▶ _Work task_: The data must be reproduced verbatim; images are to be omitted.

▶ _Saved entries_:
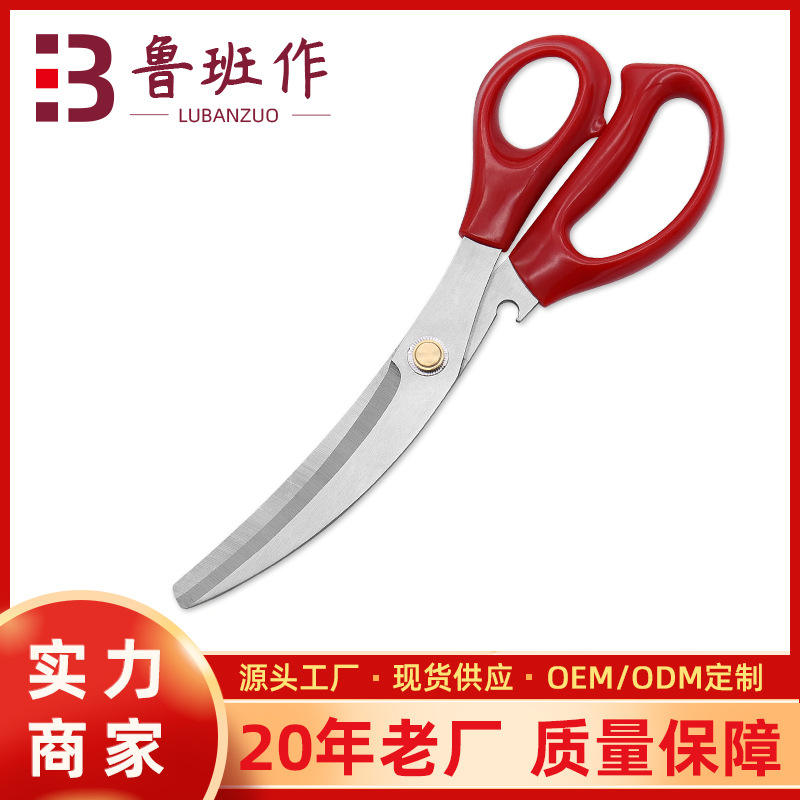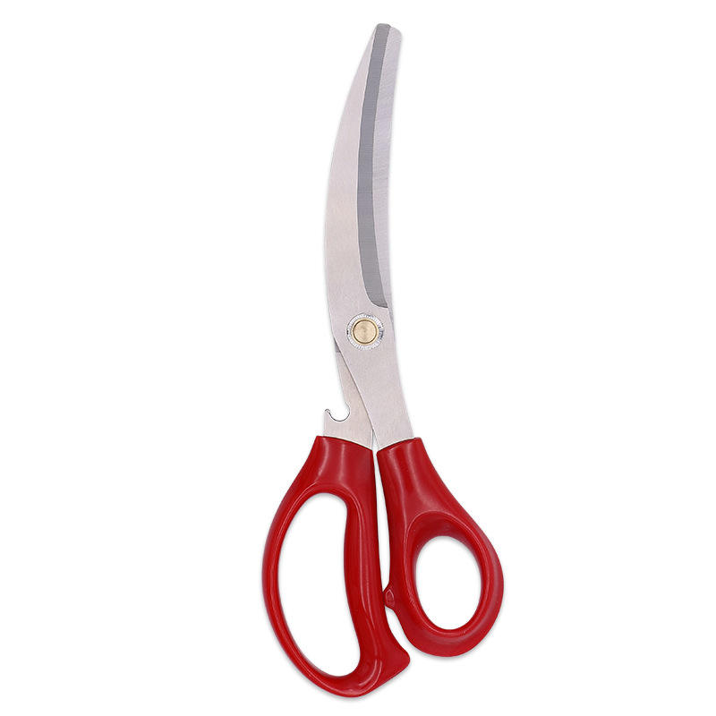 Kitchen Curved Scissors 8 In Stainless Steel Red Handle For Food Cutting And Barbecue Use
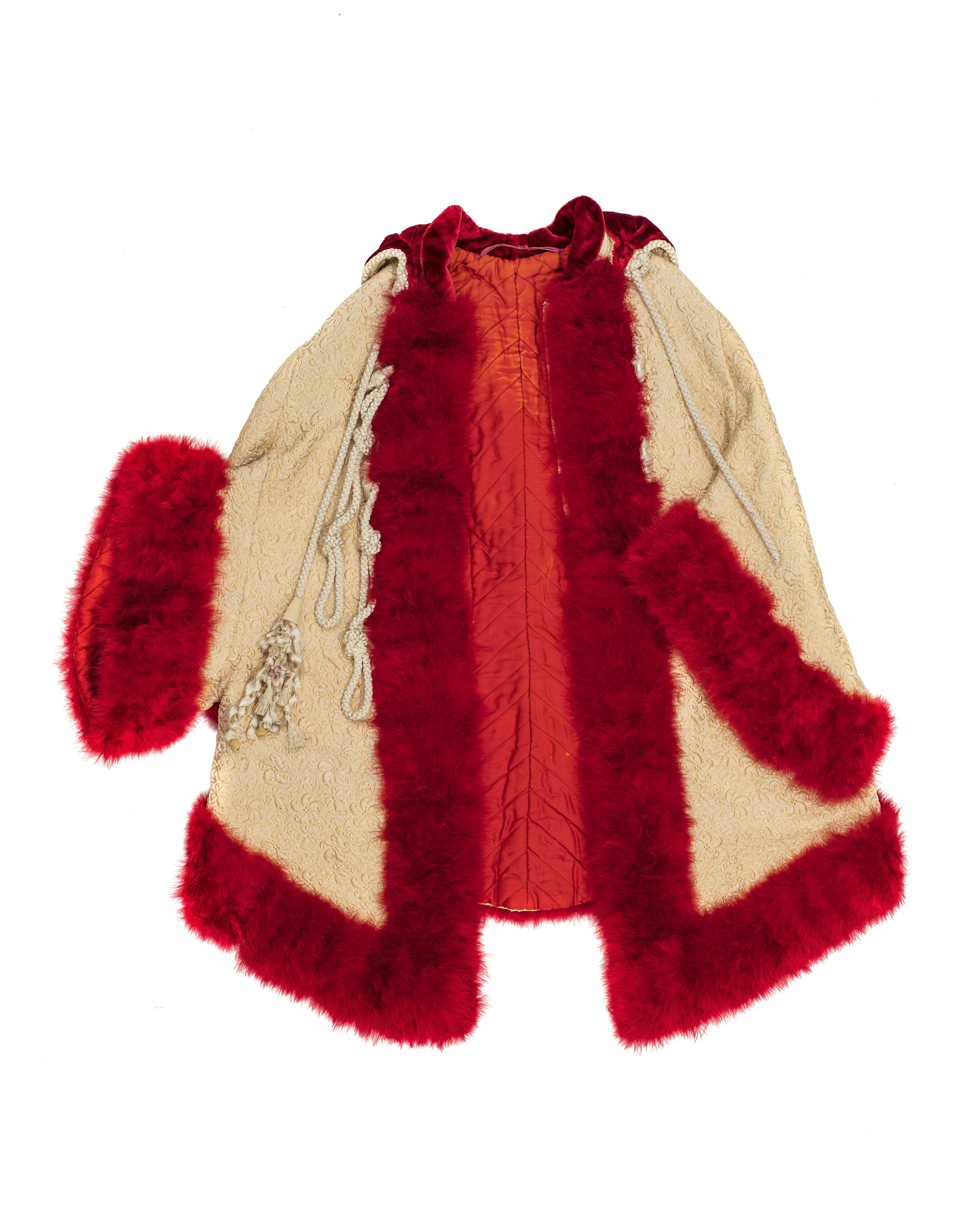 Burnus av mönstrat vitt siden, matelassé-imitation med röd fjäderbräm, silke-kordonger och tofsar, 1887 cirka.
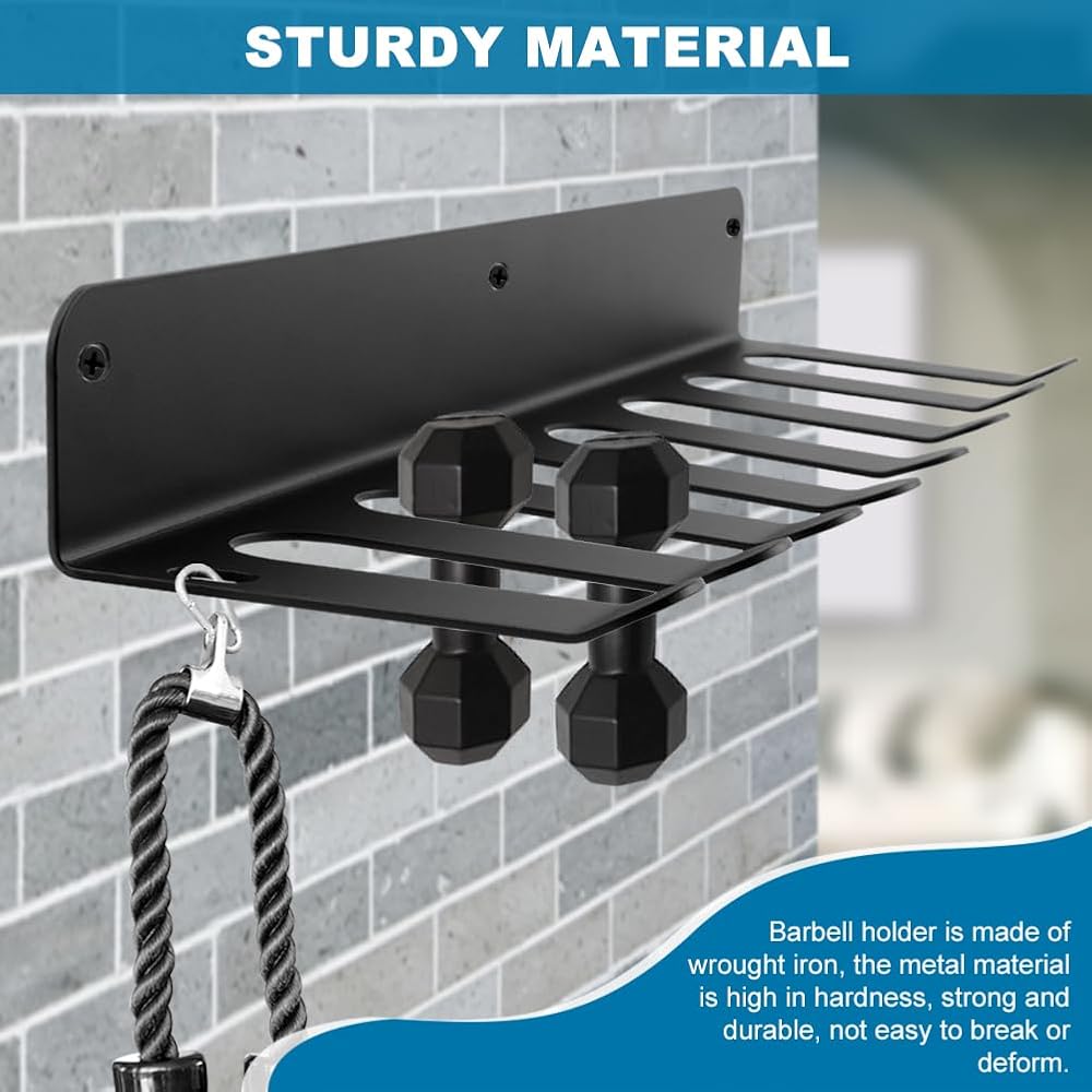 【STURDY MATERIAL】Barbell holder is made of wrought iron, the metal material is high in hardness, strong and durable, not easy to break or deform. The product surface is smooth and burr-free.
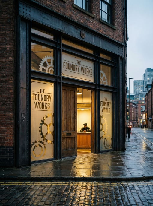 Industrial converted factory entrance with steel frame, etched glass panels flanking the entrance, dusk, warm interior light spilling onto the sidewalk, security guard at the desk inside, urban grandeur, no borders no film frames no letterboxing,.
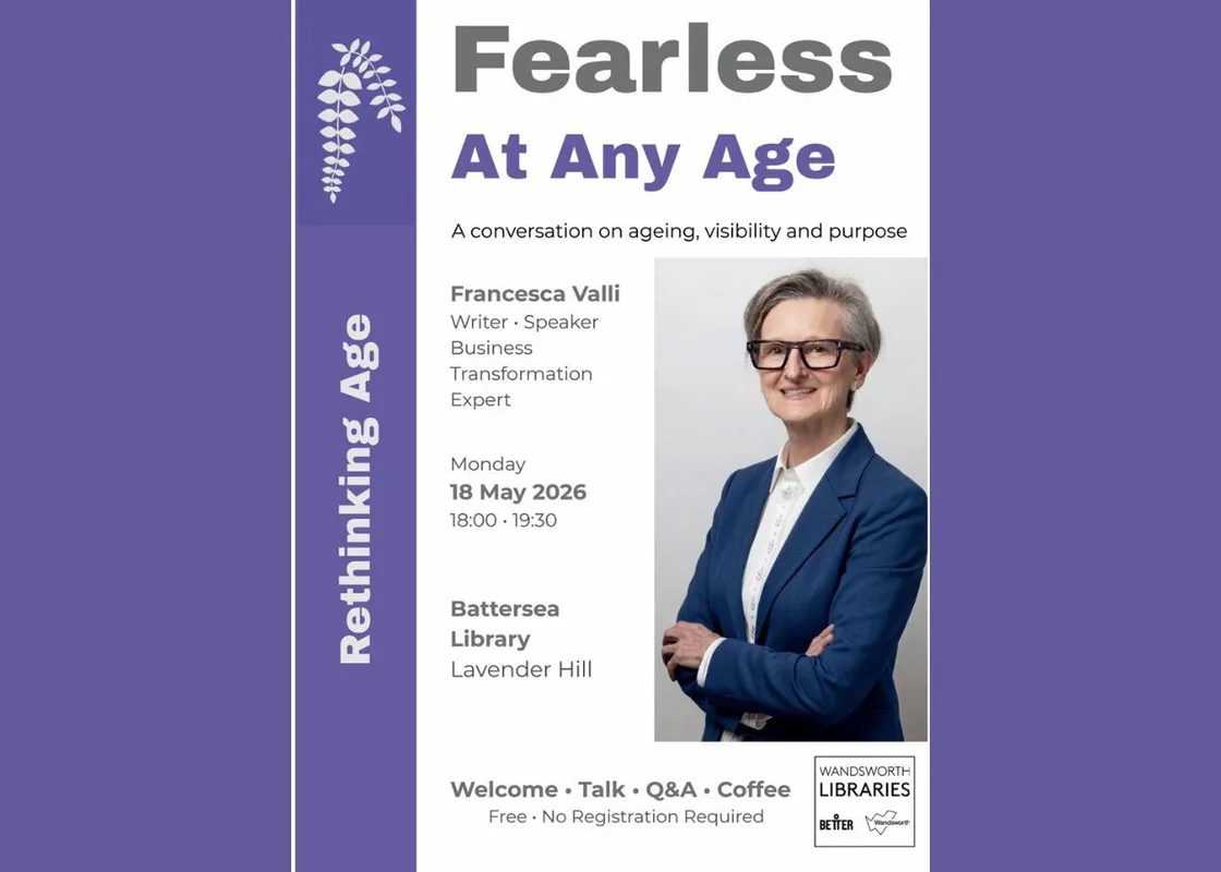 Join writer, speaker and business transformation expert, Francesca Valli, for an evening where we rethink age. The event is at Battersea Library with free entry and no registration required.
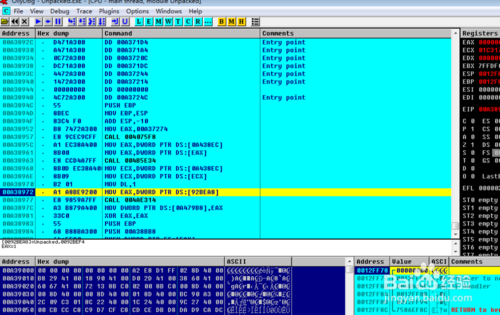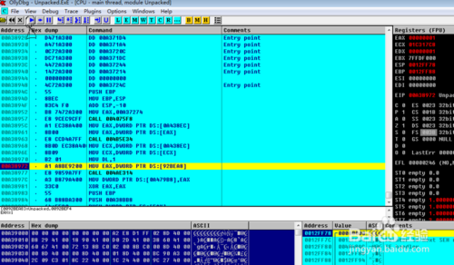 OllyDbg的反汇编器可以高亮不同类型的指令(如:跳转、条件跳转、入栈、出栈、调用、返回、特殊的或是无效的指令)和不同的操作数(常规[general]、FPU/SSE、段/系统寄存器、在栈或内存中的操作数,常量)。您可以定制个性化高亮方案。
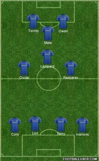 Torres · Owen · Mata · Lampard · Oscar · Ramieres · Luiz · Terry · Cole · ivanovicSUB
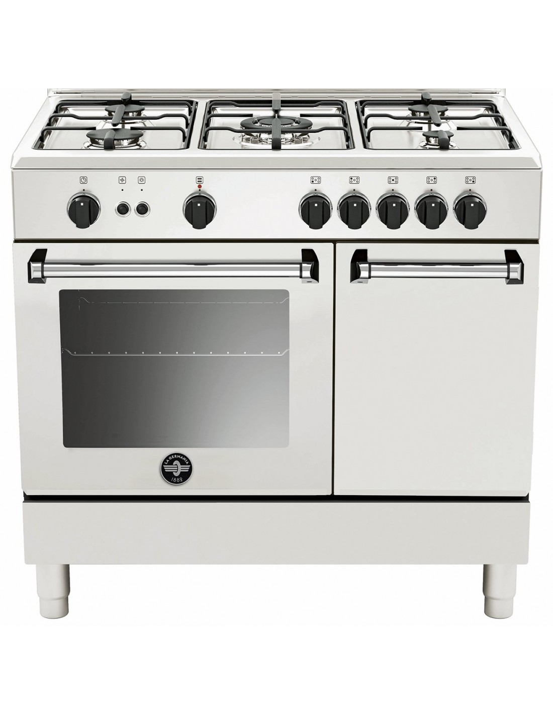 Bertazzoni La Germania Americana AMN9P5GBV/24. Tipo di prodotto: Cucina, Colore del prodotto: Bianco, Tipo di controllo: Manopola. Tipo di piano cottura: Gas, Numero totale di fuochi: 5 Fornello(i), Numero di fuochi: 5 Fornello(i). Dimensione del forno: Media, Sorgente di alimentazione del forno: Gas, Capacità netta del forno: 56 L. Classe efficienza energetica: A+, Consumo energetico (convenzionale): 1,3 kWh, Consumo energetico (convezione forzata): 1,49 kWh. Larghezza: 900 mm, Profondità: 600 mm
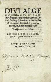 Éditions princeps données par Érasme des textes majeurs d'Alger de Liège et de Guitmond, deux grands adversaires
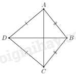 Câu 6: Tứ giác ABCD có \(AB = BC,CD = DA,\;\hat B = {90^0};\;\hat D = {120^0}\). Hãy chọn câu đúng nhất:
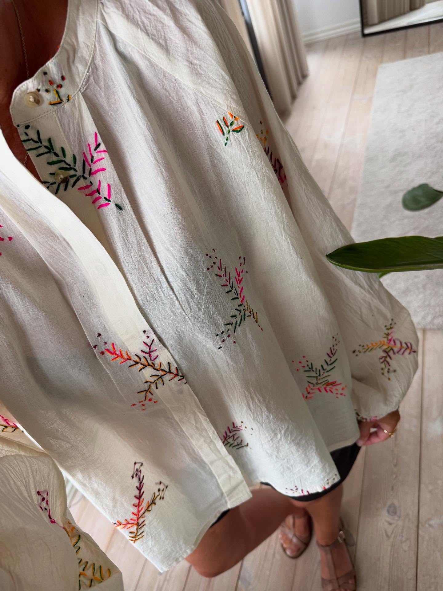 HaileyLL skjorten er en feminin og farverig style med fine detaljer. Den er designet i en let og blød bomuld med et broderet mønster i varme nuancer, der skaber et håndlavet og eksklusivt udtryk. Skjorten har en løs pasform med bløde læg, som giver en smuk silhuet og et afslappet fald.
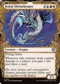 When this creature enters, look at the top six cards of your library. You may reveal an instant, sorcery, or Dragon card from among them and put it into your hand. Put the rest on the bottom of your library in a random order. Untapped Dragons you control have hexproof.
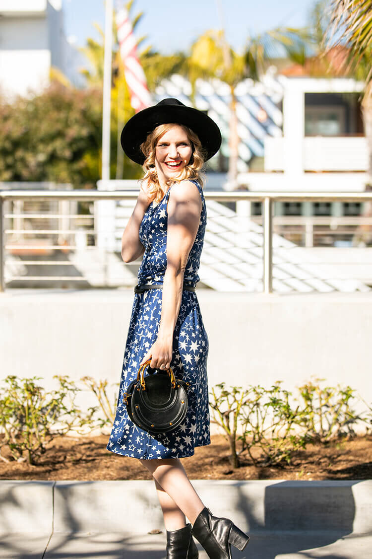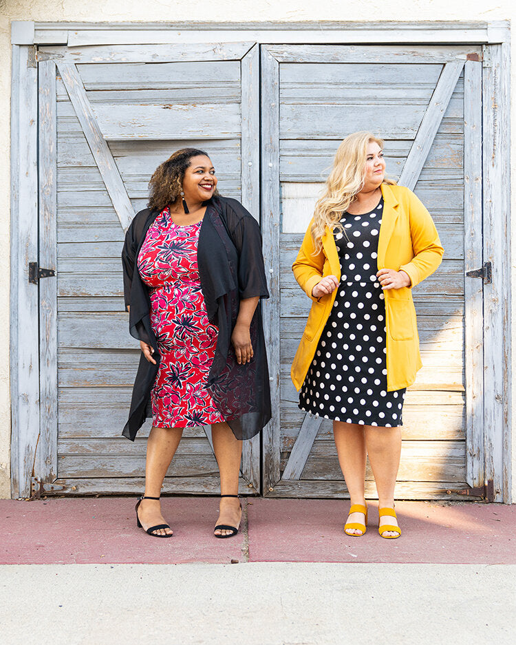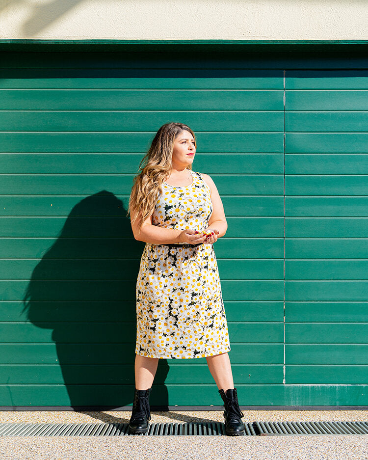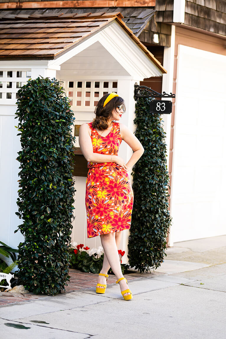 The Details: The Summer is a sleeveless, scoop-neck dress — with encased elastic at the waist. She’s knee length and comes in MVS fabric.

▶ _Task result_:
 Kitchen Curved Scissors 8 In Stainless Steel Red Handle For Food Cutting And Barbecue Use
 Burnus av mönstrat vitt siden, matelassé-imitation med röd fjäderbräm, silke-kordonger och tofsar, 1887 cirka.
 【STURDY MATERIAL】Barbell holder is made of wrought iron, the metal material is high in hardness, strong and durable, not easy to break or deform. The product surface is smooth and burr-free.
 Industrial converted factory entrance with steel frame, etched glass panels flanking the entrance, dusk, warm interior light spilling onto the sidewalk, security guard at the desk inside, urban grandeur, no borders no film frames no letterboxing,.
 Join writer, speaker and business transformation expert, Francesca Valli, for an evening where we rethink age. The event is at Battersea Library with free entry and no registration required.
 OllyDbg的反汇编器可以高亮不同类型的指令(如:跳转、条件跳转、入栈、出栈、调用、返回、特殊的或是无效的指令)和不同的操作数(常规[general]、FPU/SSE、段/系统寄存器、在栈或内存中的操作数,常量)。您可以定制个性化高亮方案。
 Torres · Owen · Mata · Lampard · Oscar · Ramieres · Luiz · Terry · Cole · ivanovicSUB
 Bertazzoni La Germania Americana AMN9P5GBV/24. Tipo di prodotto: Cucina, Colore del prodotto: Bianco, Tipo di controllo: Manopola. Tipo di piano cottura: Gas, Numero totale di fuochi: 5 Fornello(i), Numero di fuochi: 5 Fornello(i). Dimensione del forno: Media, Sorgente di alimentazione del forno: Gas, Capacità netta del forno: 56 L. Classe efficienza energetica: A+, Consumo energetico (convenzionale): 1,3 kWh, Consumo energetico (convezione forzata): 1,49 kWh. Larghezza: 900 mm, Profondità: 600 mm
 Éditions princeps données par Érasme des textes majeurs d'Alger de Liège et de Guitmond, deux grands adversaires
 Câu 6: Tứ giác ABCD có \(AB = BC,CD = DA,\;\hat B = {90^0};\;\hat D = {120^0}\). Hãy chọn câu đúng nhất:
 HaileyLL skjorten er en feminin og farverig style med fine detaljer. Den er designet i en let og blød bomuld med et broderet mønster i varme nuancer, der skaber et håndlavet og eksklusivt udtryk. Skjorten har en løs pasform med bløde læg, som giver en smuk silhuet og et afslappet fald.
 When this creature enters, look at the top six cards of your library. You may reveal an instant, sorcery, or Dragon card from among them and put it into your hand. Put the rest on the bottom of your library in a random order. Untapped Dragons you control have hexproof.
 The Details: The Summer is a sleeveless, scoop-neck dress — with encased elastic at the waist. She’s knee length and comes in MVS fabric.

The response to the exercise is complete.